Deutsche Ostsee, in Lubmin, Germany, delivered first gas in January. It utilizes existing port and natural gas network infrastructure to minimize direct environmental impact.

The German Government has committed to diversifying its gas-supply options to ensure reliable access to natural gas and last year passed the LNG Acceleration Act to speed deployment of LNG terminals in the country.

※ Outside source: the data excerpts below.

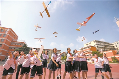 7月16日,安徽省淮北市第三實(shí)驗(yàn)小學(xué)學(xué)生在進(jìn)行航模演示。當(dāng)日,該校聯(lián)合淮北市航模協(xié)會(huì)開展“科技體育進(jìn)校園”暑期航??破栈顒?dòng),培養(yǎng)學(xué)生的航空航天科技興趣和動(dòng)手能力,豐富學(xué)生的暑期生活。萬(wàn)善朝 攝
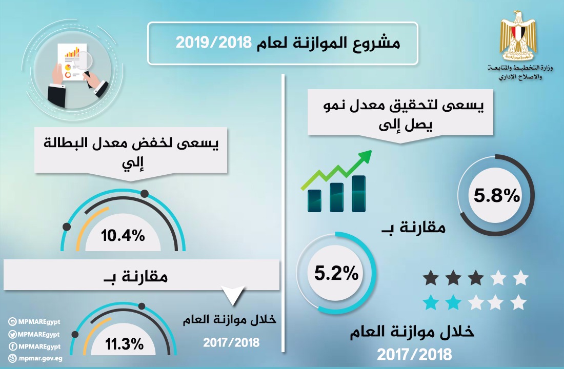 260. نشرت وزارة التخطيط والمتابعة والإصلاح الإداري على صفحتها عبر موقع التواصل الاجتماعي “فيسبوك” انفوجرافًا يوضح استهداف مشروع الموازنة لعام 2019/2018 لتحقيق معدل نمو يصل إلى 5.8% مقارنة بـ 5.3% خلال الربع الثاني من العام المالي الحالي 2017/2018.
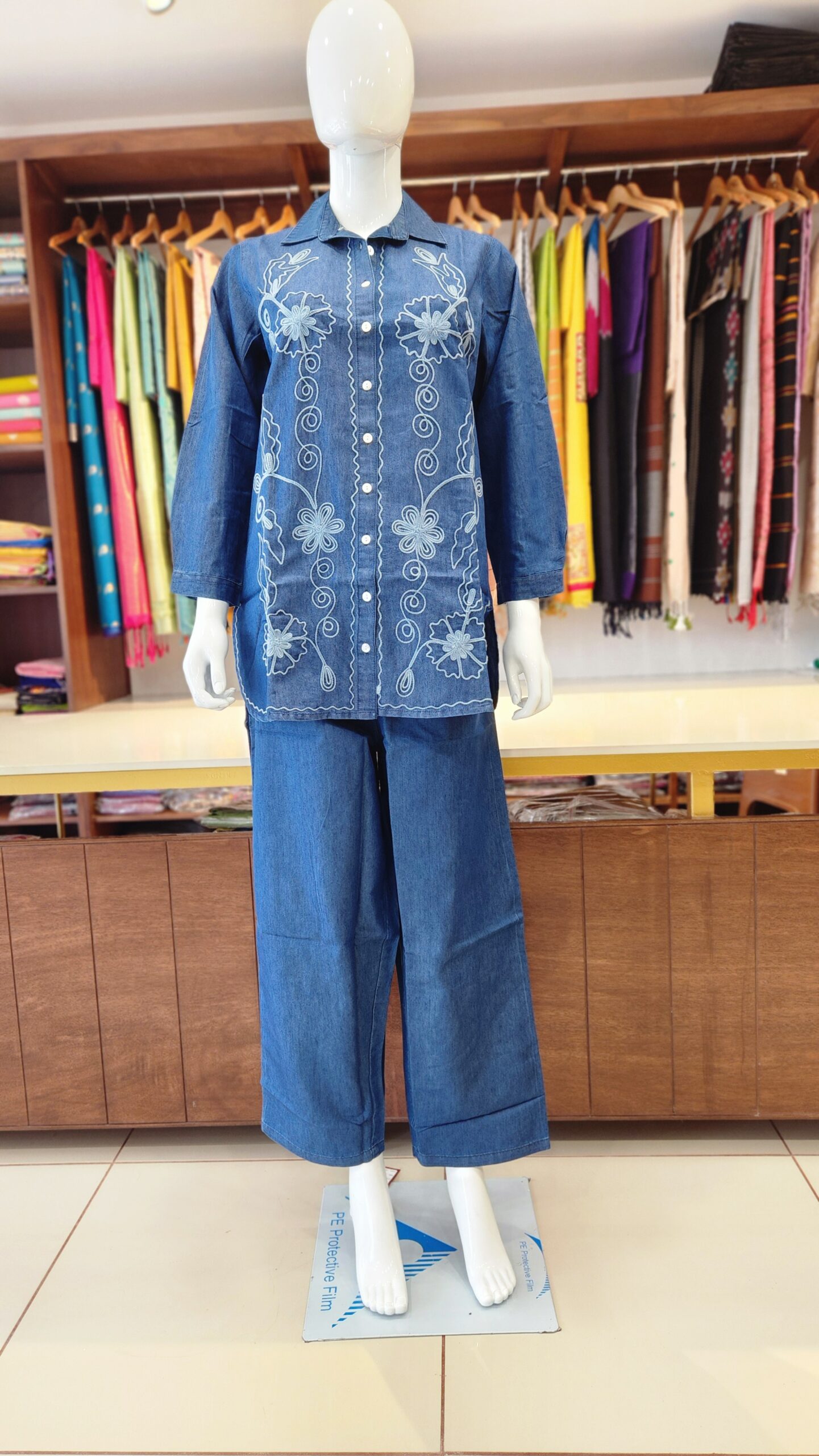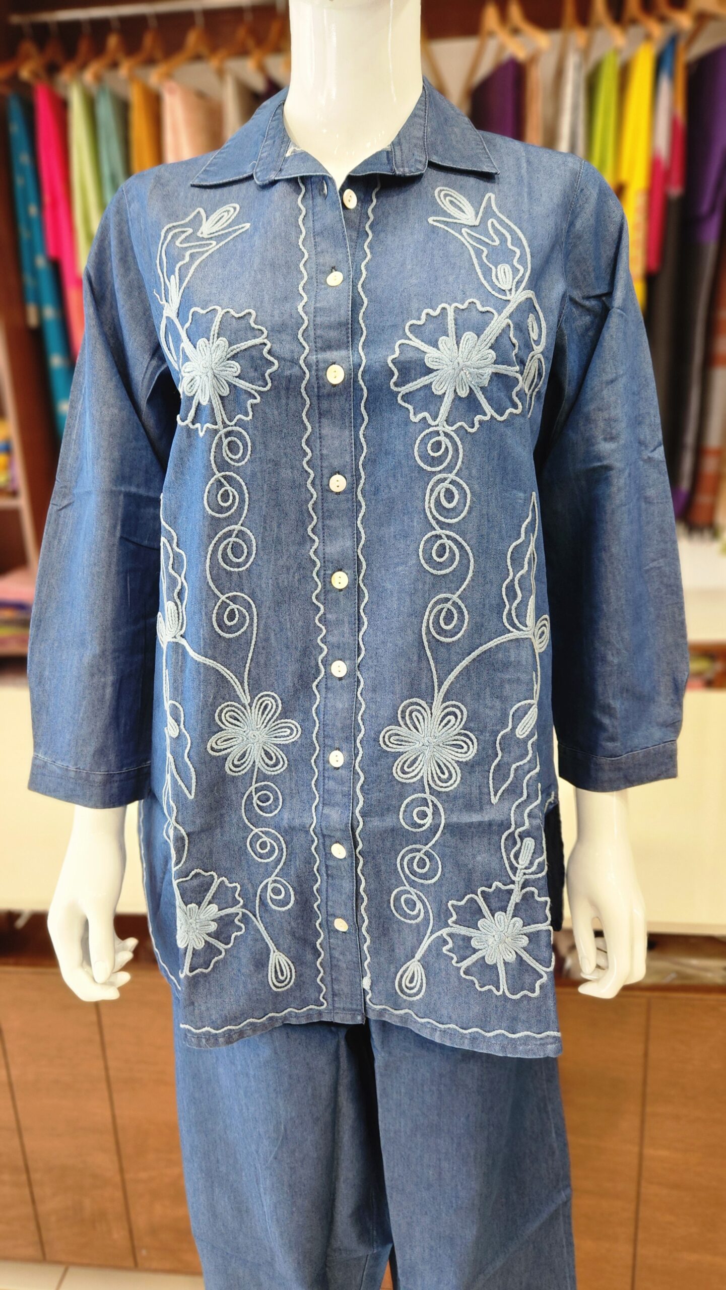 Step into everyday elegance with this denim cord set featuring all-over thread embroidery. Crafted from soft, breathable cotton denim, the set includes a stylishly tailored top and relaxed-fit bottoms—perfectly balancing comfort with artisanal detail. The intricate embroidery adds texture and charm, making it ideal for casual outings, brunches, or smart-casual gatherings.

Germany expects to have 37 bcmy of import capacity in place by 2024. The country’s gas consumption in 2021 was 93.6 bcm.

Macquarie Capital and its 100%-owned portfolio company, WaveCrest Energy LLC, have supported Deutsche Ostsee with two rounds of investment into Deutsche ReGas. 

Port Arthur LNG Phase 1 offtake fully subscribed with latest agreement

Sempra Infrastructure has agreed to supply LNG from its 13.5-million tonnes/year (tpy) Port Arthur LNG Phase 1 project under development in Jefferson County, Tex., to PKN ORLEN SA. With the agreement, the projected LNG offtake capacity for Phase 1 is now fully subscribed under binding long-term agreements, Sempra said in a release Jan. 25.

PKN ORLEN will purchase some 1 million tpy of LNG on a free-on-board basis for 20 years to increase diversification of its import portfolio and secure additional volumes of natural gas, “which will be used both to provide for the needs of the Polish customers and to enhance PKN ORLEN’s presence in the international energy market,” PKN ORLEAN said.

Sempra Infrastructure has existing long-term agreements with ConocoPhillips, INEOS, ENGIE, and RWE for LNG from the proposed Phase 1 project. In aggregate, Port Arthur LNG Phase 1 is now fully subscribed with 10.5 million tpy under binding long-term agreements.

A final investment decision on the project is expected in this year’s first quarter, with first cargo deliveries expected in 2027.

Port Arthur LNG Phase 1 is permitted and expected to include two natural gas liquefaction trains and LNG storage tanks and associated infrastructure. A similarly sized Port Arthur LNG Phase 2 project is under active marketing and development, the company said.